Exercise brief
Please restate exactly the lines of the data below, beginning with the line containing "5年生の様子です。5年生はさ" and ending with the last line.

Dataset content
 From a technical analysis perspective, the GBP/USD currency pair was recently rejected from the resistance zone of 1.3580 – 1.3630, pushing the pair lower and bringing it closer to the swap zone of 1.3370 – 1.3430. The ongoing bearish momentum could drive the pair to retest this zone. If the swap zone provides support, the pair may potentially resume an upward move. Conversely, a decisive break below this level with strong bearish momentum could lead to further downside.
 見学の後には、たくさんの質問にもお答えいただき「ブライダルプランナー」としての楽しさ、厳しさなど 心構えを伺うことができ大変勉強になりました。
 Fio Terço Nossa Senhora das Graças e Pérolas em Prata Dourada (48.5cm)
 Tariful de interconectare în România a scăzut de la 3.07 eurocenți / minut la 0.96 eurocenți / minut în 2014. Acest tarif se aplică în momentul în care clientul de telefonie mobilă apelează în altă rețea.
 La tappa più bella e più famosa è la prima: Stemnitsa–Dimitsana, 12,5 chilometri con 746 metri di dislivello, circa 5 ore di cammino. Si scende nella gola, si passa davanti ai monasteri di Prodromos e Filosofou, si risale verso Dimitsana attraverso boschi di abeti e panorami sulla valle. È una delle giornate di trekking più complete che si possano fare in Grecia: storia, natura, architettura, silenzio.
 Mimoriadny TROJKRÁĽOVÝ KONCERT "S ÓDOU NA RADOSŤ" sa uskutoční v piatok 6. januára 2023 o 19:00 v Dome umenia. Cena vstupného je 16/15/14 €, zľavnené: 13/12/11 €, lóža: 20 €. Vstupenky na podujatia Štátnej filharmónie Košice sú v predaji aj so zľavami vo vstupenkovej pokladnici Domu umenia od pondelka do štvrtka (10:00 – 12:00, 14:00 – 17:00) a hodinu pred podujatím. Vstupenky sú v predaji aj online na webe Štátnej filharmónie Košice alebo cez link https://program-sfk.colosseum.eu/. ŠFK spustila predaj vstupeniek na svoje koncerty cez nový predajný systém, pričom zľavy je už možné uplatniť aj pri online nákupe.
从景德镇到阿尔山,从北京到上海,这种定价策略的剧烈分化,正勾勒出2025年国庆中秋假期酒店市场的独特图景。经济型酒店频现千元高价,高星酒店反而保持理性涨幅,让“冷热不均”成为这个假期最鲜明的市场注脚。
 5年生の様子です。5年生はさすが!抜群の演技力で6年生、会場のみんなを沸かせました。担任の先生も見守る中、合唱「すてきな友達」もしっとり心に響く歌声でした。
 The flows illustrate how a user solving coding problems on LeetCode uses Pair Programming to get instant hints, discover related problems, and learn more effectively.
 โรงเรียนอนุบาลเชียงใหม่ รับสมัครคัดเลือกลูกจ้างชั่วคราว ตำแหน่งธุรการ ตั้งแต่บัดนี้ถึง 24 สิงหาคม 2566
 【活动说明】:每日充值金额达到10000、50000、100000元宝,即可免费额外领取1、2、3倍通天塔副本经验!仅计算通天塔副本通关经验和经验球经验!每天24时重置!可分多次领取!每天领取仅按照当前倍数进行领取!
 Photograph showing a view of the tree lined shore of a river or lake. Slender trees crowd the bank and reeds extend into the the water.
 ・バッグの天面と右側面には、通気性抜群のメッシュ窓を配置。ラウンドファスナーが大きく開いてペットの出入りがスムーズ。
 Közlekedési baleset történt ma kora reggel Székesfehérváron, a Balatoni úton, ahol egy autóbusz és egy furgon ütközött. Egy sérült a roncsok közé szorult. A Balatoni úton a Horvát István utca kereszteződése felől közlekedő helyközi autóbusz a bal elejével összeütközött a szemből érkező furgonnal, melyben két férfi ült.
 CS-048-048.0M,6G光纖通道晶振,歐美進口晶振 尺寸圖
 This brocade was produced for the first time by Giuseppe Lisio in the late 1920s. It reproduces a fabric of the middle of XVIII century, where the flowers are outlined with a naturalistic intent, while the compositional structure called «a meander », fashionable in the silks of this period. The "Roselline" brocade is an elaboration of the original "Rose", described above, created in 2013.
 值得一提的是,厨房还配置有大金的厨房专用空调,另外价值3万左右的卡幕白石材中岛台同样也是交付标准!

Answer to this task
 5年生の様子です。5年生はさすが!抜群の演技力で6年生、会場のみんなを沸かせました。担任の先生も見守る中、合唱「すてきな友達」もしっとり心に響く歌声でした。
 The flows illustrate how a user solving coding problems on LeetCode uses Pair Programming to get instant hints, discover related problems, and learn more effectively.
 โรงเรียนอนุบาลเชียงใหม่ รับสมัครคัดเลือกลูกจ้างชั่วคราว ตำแหน่งธุรการ ตั้งแต่บัดนี้ถึง 24 สิงหาคม 2566
 【活动说明】:每日充值金额达到10000、50000、100000元宝,即可免费额外领取1、2、3倍通天塔副本经验!仅计算通天塔副本通关经验和经验球经验!每天24时重置!可分多次领取!每天领取仅按照当前倍数进行领取!
 Photograph showing a view of the tree lined shore of a river or lake. Slender trees crowd the bank and reeds extend into the the water.
 ・バッグの天面と右側面には、通気性抜群のメッシュ窓を配置。ラウンドファスナーが大きく開いてペットの出入りがスムーズ。
 Közlekedési baleset történt ma kora reggel Székesfehérváron, a Balatoni úton, ahol egy autóbusz és egy furgon ütközött. Egy sérült a roncsok közé szorult. A Balatoni úton a Horvát István utca kereszteződése felől közlekedő helyközi autóbusz a bal elejével összeütközött a szemből érkező furgonnal, melyben két férfi ült.
 CS-048-048.0M,6G光纖通道晶振,歐美進口晶振 尺寸圖
 This brocade was produced for the first time by Giuseppe Lisio in the late 1920s. It reproduces a fabric of the middle of XVIII century, where the flowers are outlined with a naturalistic intent, while the compositional structure called «a meander », fashionable in the silks of this period. The "Roselline" brocade is an elaboration of the original "Rose", described above, created in 2013.
 值得一提的是,厨房还配置有大金的厨房专用空调,另外价值3万左右的卡幕白石材中岛台同样也是交付标准!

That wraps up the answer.